More aggressive traders may opt to close and hope to generate an additional 1% net credit. More conservative investors (I’m guilty as charged) would lean to the latter choice of taking no action and relying on that 3.6% cushion to protect the healthy 3.8%, 1-month return. Of course, we continue to monitor our position which may lead to taking advantage of a position management maneuver later in the contract.
San Francisco Money Show
August 23rd and 24th
Hilton San Francisco Union Square
1.Thursday August 23rd: 12:30 PM – 1:15 PM
All Stars of Options: “How to Select the Best Covered Call Options in Bull and Bear Markets”
2. Friday August 24th: 10:15 AM – 1:15 PM
Masters Class: “How to Generate Monthly Cash Flow and Buy a Stock at a Discount Using 2 Low- Risk Option Strategies (covered call writing and selling cash-secured puts)”
3. Friday August 24th: 6:00 PM – 6:45 PM
Workshop: “Converting Non-Dividend Stocks to Dividend Stocks using Stock Options”

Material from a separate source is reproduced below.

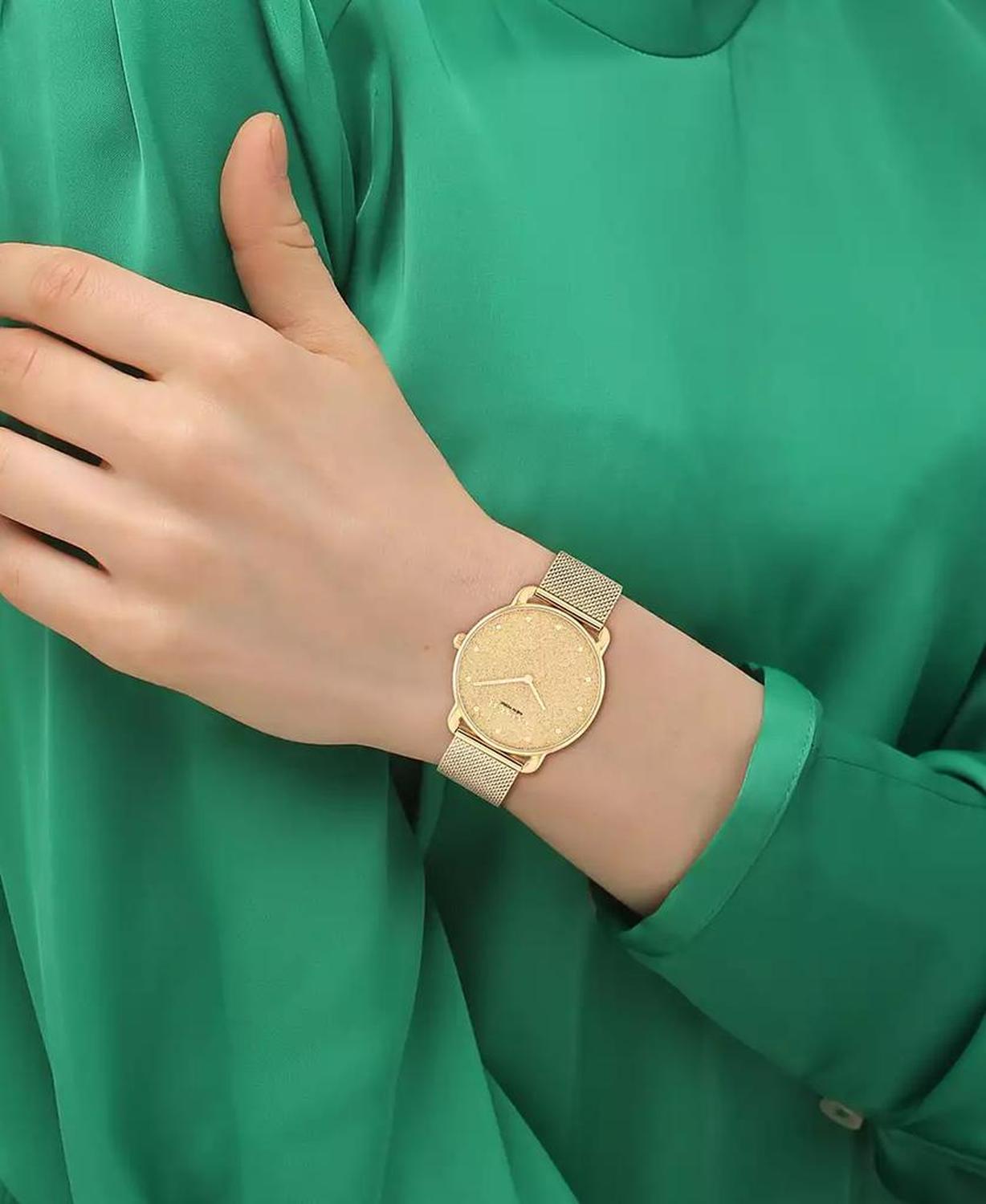 With clean lines and a modern minimalist sensibility, the Elliot is a true design classic ready for workdays and weekends. Finished with a shimmering mesh bracelet, this gold tone design features a glittery shimmer dial detailed with polished dome markers. SKU# 14504553

This week’s economic news of importance:
- NFIB small business index July 107.9 (107.2 last)
- Import price index July 0.1% (-0.1% last)
- Retail sales July 0.5% (0.1% expected)
- Productivity Q2 2.9% (2.4% expected)
- Industrial production July 0.1% (0.3% expected)
- Home builders’ index August 67 (68 last)
- Business inventories June 0.1% (0.3% last)
- Weekly jobless claims 8/11 212,000 (215,000 expected)
- Housing starts July 1.168 million (1.270 million expected)
- Building permits July 1.311 million (1.292 million last)
- Consumer sentiment August 95.3 (98.5 expected)
- Leading economic indicators 0.6% (0.5% last)
THE WEEK AHEAD
Mon August 20th
- None scheduled
Tue August 21st
- None scheduled
Wed August 22nd
- Existing home sales July
- FOMC minutes
Thu August 23rd
- Weekly jobless claims 8/18
- Markit manufacturing PMI August
- Markit services PMI August
- New home sales July
Fri August 24thth
- Durable goods orders July
For the week, the S&P 500 moved down by 0.59% for a year-to-date return of 6.60%
IBD: Market in confirmed uptrend
GMI: 6/6- Bullish signal since market close of July 9, 2018
BCI: Using an equal number of in-the-money and out-of-the-money strikes. Not willing to get more aggressive at this time.
WHAT THE BROAD MARKET INDICATORS (S&P 500 AND VIX) ARE TELLING US
The 6-month charts point to a bullish tone. In the past six months, the S&P 500 was up 5% while the VIX (12.64) down by 39%.